About the project

This project compared the performance of three gradient boosting algorithms (XGBoost, LightGBM, and CatBoost) on a binary classification task for medical diagnosis. The main focus was on improving prediction performance through hyperparameter and threshold optimization.


Link to the project files: github.com/Al-1n/Gradient_Boosting_Tuning

Full scientific report: GBT Classification Report

Requirements

Optuna Hyperopt LightGBM CatBoost
XGBoost IpyWidgets Imblearn Networkx
CloudPickle Plotly SQLAlchemy ImageIO
PyWavelets TiffFile Pandas Numpy
Seaborn Matplotlib Math Sklearn
PyGraphViz IPython JupyterLab


How to use this project

The code in these files can be adapted to perform similar tests and comparisons for different datasets and models.

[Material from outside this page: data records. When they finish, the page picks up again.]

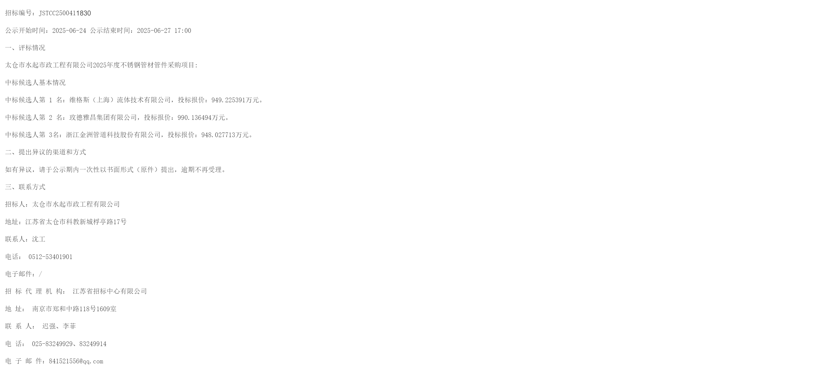 太仓市水起市政工程有限公司2025年度不锈钢管材管件采购项目-中标候选人公示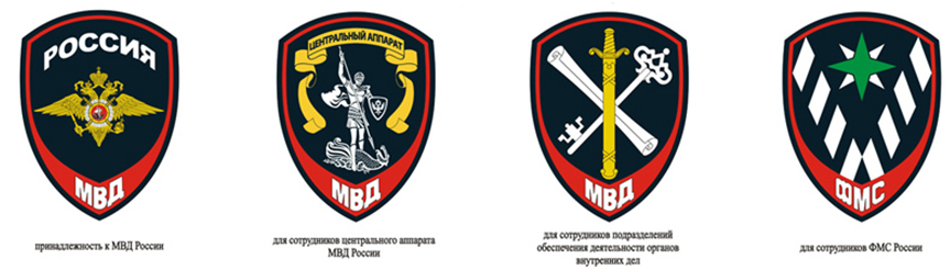 Нарукавный знак «Россия МВД» носится на предметах форменной одежды на внешней стороне левого рукава на расстоянии 80 мм от верхней точки притачивания рукава до знака.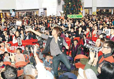 昨午在新港城中心舉行簽唱會的Danson大耍迷人功,當Fans大膽贊他的臀部夠翹,他即說:“你碰過還是你看過?上次在機場摸我那個人是不是你?”他又細心安慰在臺邊感動流淚的Fans。收到Fans送上豬仔儲錢罐時,他還笑問Fans是不是當他是豬,Fans說:“我當你是寶貝豬呀!”對于熱情的Fans,Danson大為感動,謙虛地表示視羅志祥和小綜為前輩,不會比較簽唱會成績。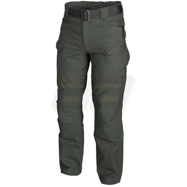 Pantalons tactiques urbains Helikon-Tex en vert jungle, 4XL très long. Fabriqués avec 60% de coton, 37% de polyester, 3% d'élasthanne. Caractéristiques : taille élastique, grandes passants de ceinture, poches renforcées et compatibilité avec des protectio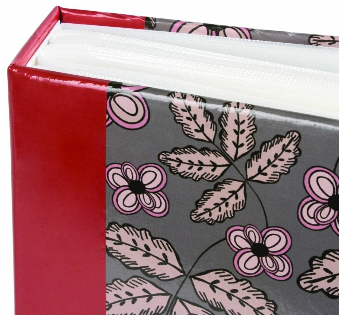 Фотоальбом семейный/свадебный/детский на 200 фотографий 10x15см "Флора", твердая обложка, листы с карманами, серый с красным, Brauberg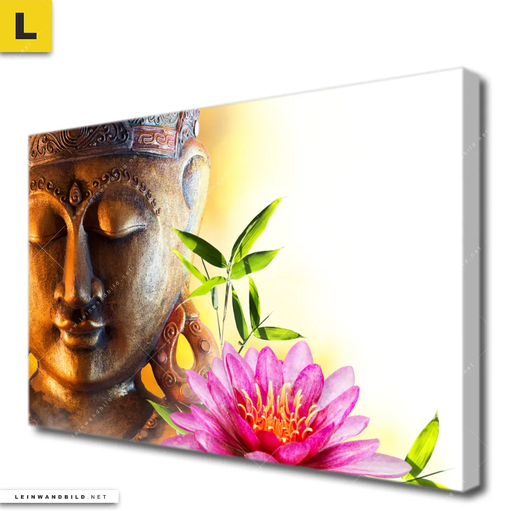Du konfigurierst Dein individuelles Leinwandbild | Buddha Kopf & Seerose | Querformat und wir produzieren es NEU für Dich. Unsere Buddha - Feng Shui Leinwände sind KEINE Lagerware. Du bist Dir unsicher, welches Motiv oder Format das richtige für dein individuelles Keilrahmenbild ist, dann helfen wir dir gerne weiter und beraten dich!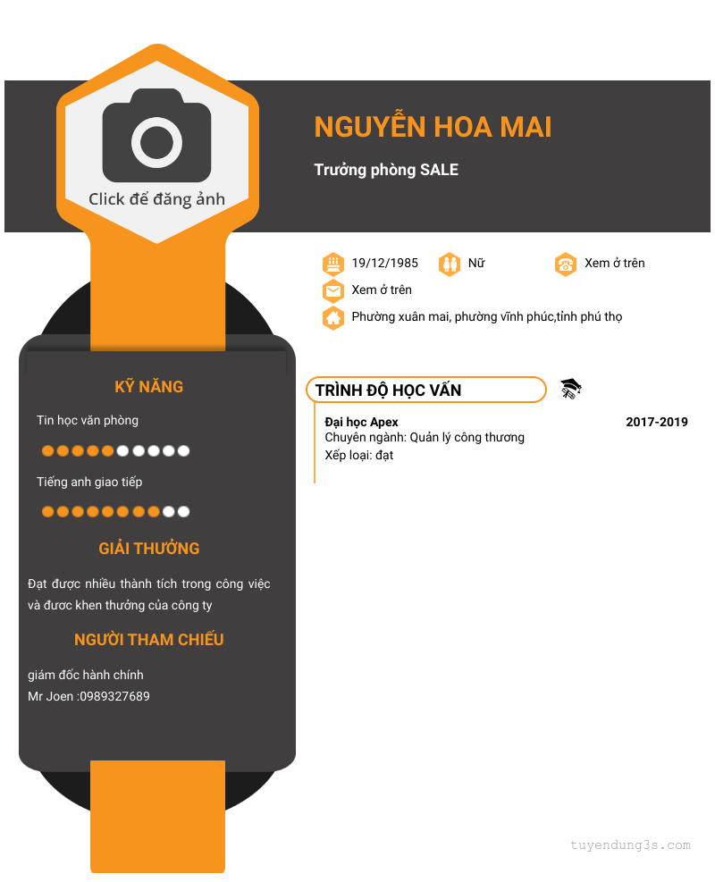 Nơi ở hiện tại: Phường xuân mai, phường vĩnh phúc,tỉnh phú thọ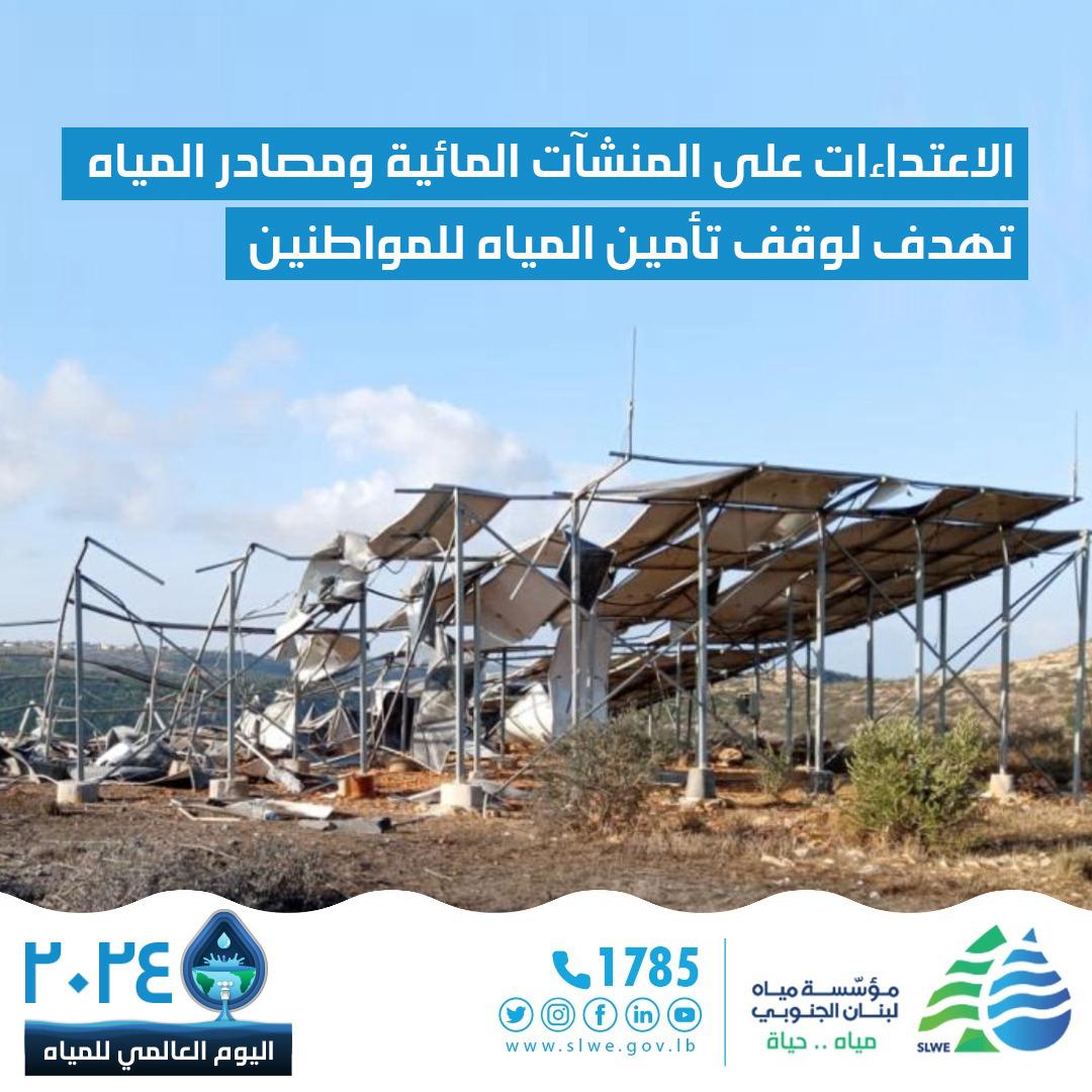 وأكّد "أن الإضرار والخسائر المادية كبيرة جداً في منشآت المؤسّسة، بسبب القصف الإسرائيلي، وبسبب كون شبكات المياه والخزانات ومضخات المياه وألواح الطاقة الشمسية في أكثر من بلدة وقرية كانت عرضة للقصف. وأمّا الخسائر المادية فلم تحدّد بعد بشكل نهائي، وهي تقدّر حتى الآن بنحو 4 ملايين دولار". ومع ذلك اعتبر أن "الوضع لا يزال تحت السيطرة، والمؤسّسة لا تزال تؤمّن المياه للقرى التي يوجد فيها الناس، والمشروع الضخم الذي تحقق قبل عام في مياه نبع الطاسة ساهم في توفير المياه بما يعادل مليون متر مكعب".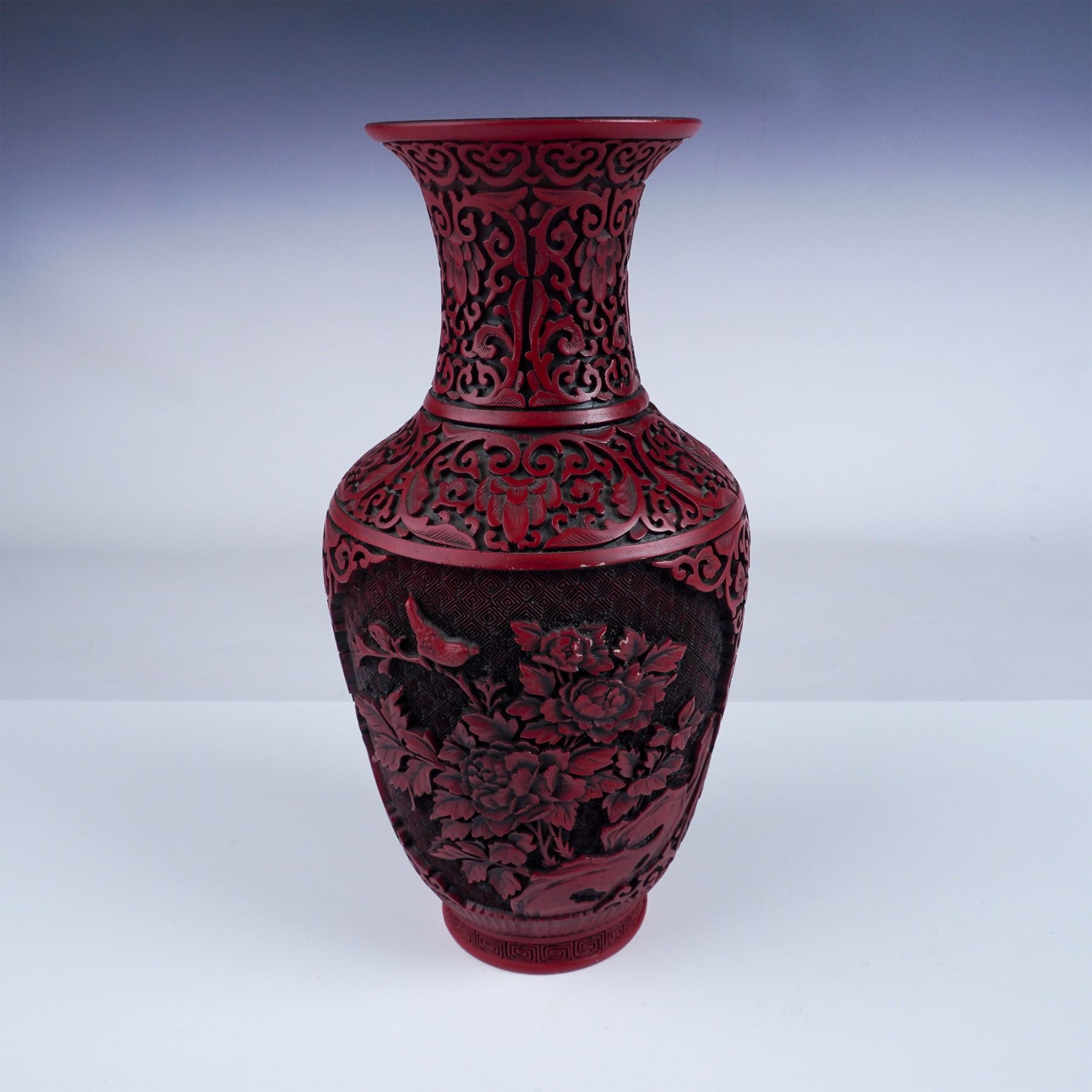 Beautiful cinnabar lacquer vase featuring intricate hand-carved floral designs with a striking red and black motif. The vase is 11.5"H and has a gold-toned interior and base, adding an elegant contrast to the richly detailed exterior. The base bears a Chinese hallmark, confirming its craftsmanship. A fine example of traditional Chinese artistry, this vase is a timeless decorative piece for any collector or enthusiast.

Any environment that can load a python kernel and run jupyter notebooks such as vs code, google collab or conda can be used.

Contributors

Alin Airinei



Data and Challenges



The analysis utilizes a popular sample of the Pima Indians Diabetes Database, which presents several challenges:

  • Small sample size
  • Numerous missing measurements
  • Class imbalance

To address these, the project employs model-based imputations, synthetic sampling for the minority class, and feature selection to refine the dataset.

Methods


1. Data Preprocessing:

  • Model-based imputations using LightGBM
  • Feature scaling
  • ADASYN for data augmentation
  • Feature selection with SelectKBest
  • Class weighting

2. Model Training and Optimization:

  • Baseline models without optimization
  • Hyperparameter optimization using Optuna and Hyperopt
  • Decision threshold optimization with TunedThresholdClassifierCV

Performance Analysis


Recall Performance

In medical diagnosis, recall (true positive rate) is crucial. Recall scores ranged from 0.64 to 0.89, with significant improvements observed through optimization.

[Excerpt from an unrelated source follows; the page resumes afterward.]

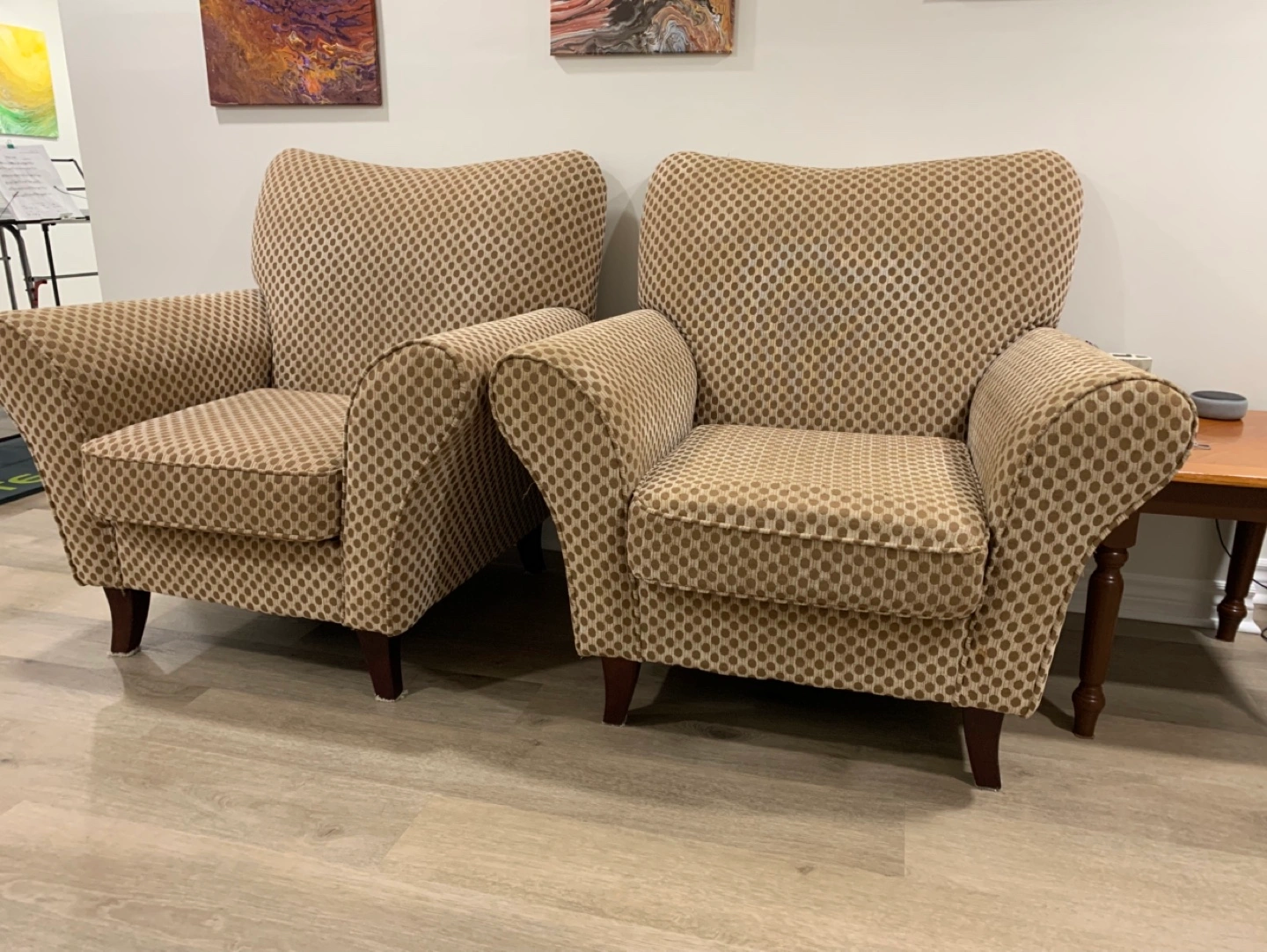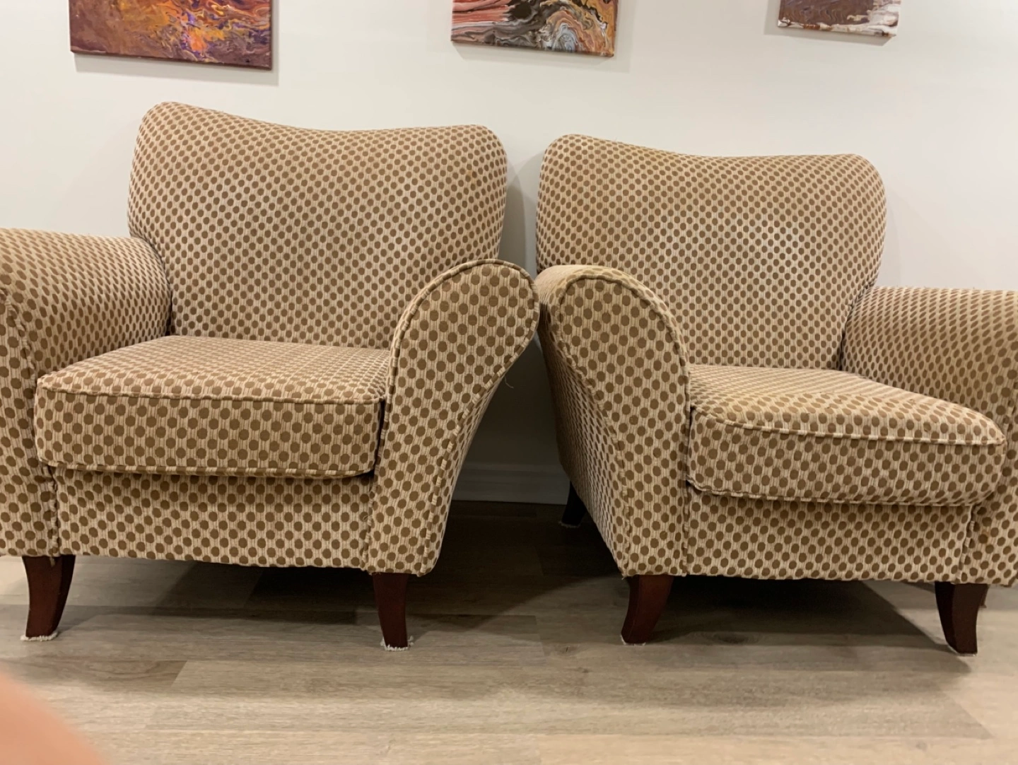 Buy & SellPair of Beige ArmchairsPair of Beige Armchairs$120Two armchairs, beige fabric with brown polka dot pattern. Wooden legs. Good condition. Comfortable and stylish.ConditionGoodWHERE TO MEETCheck LocationView MapSELLERBrianBristol574 reviews2 chats·1 favorites·84 viewsSEND CHAT TO SELLERHi Brian! I’m interested in your listing.Hi Brian! I’m interested in your listing.Get the Karrot app to chatSign In to chat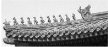 古代建筑檐角上的脊兽也叫镇瓦兽,由瓦制成,分为琉璃瓦和黑活瓦(砖雕瓦)两种。古代律法森严,琉璃瓦多数为皇家使用,老百姓家只能用黑活瓦。脊兽从唐宋时的一只,逐渐增加到数目不等的蹲兽,到了清代形成了今天常见的“骑凤仙人”领队的小动物队列形态。

  • XGBoost: Highest recall achieved with Opt+Th optimization.
  • LightGBM: Similar improvement pattern, with Opt+Th providing the best recall.
  • CatBoost: Strong recall even at baseline, with Opt+Th yielding the highest recall.


The grouped bar graph shows the recall performance of the three gradient boosting models (XGBoost, LightGBM, and CatBoost) across different optimization methods.


F1-Score Performance

The F1-score balances precision and recall, critical for imbalanced datasets.

  • XGBoost: Opt+Th optimization significantly improved the F1-score.
  • LightGBM: Similar improvement with Opt+Th optimization yielding the highest F1-score.
  • CatBoost: Strong baseline performance, with highest F1-score achieved through Opt+Th.


The grouped bar graph shows the F1-score performance of the three gradient boosting models (XGBoost, LightGBM, and CatBoost) across different optimization methods.


AUROC and AUPRC

AUROC (Area Under the Receiver Operating Characteristic Curve):

  • XGBoost and LightGBM: High AUROC scores (0.78 to 0.83), with Optuna, Opt+Th, and Hyp+Th optimizers achieving the best results.
  • CatBoost: Highest AUROC scores, maintaining around 0.83 with optimizations.


The line plot shows the AUROC variation across different optimization methods for the three gradient boosting models.


AUPRC (Area Under the Precision-Recall Curve):

  • XGBoost: Scores improved to 0.62 with Optuna and Opt+Th optimizers.
  • LightGBM: Highest scores achieved with Optuna and Opt+Th (0.62).
  • CatBoost: Leading with an AUPRC of 0.65, even at baseline.


The line plot shows the AUPRC variation across different optimization methods for the three gradient boosting models.


Conclusions


  1. Optimization techniques generally improved model performance across all metrics.
  2. CatBoost demonstrated strong performance even with baseline parameters.
  3. XGBoost and LightGBM benefited most from optimization, showing the largest improvements.
  4. For scenarios prioritizing recall, such as medical diagnosis, optimized XGBoost and LightGBM models performed best.
  5. CatBoost consistently outperformed in AUROC and AUPRC, indicating superior overall performance.

Future Work


Further testing is recommended to confirm these findings and explore their applicability to other datasets and domains.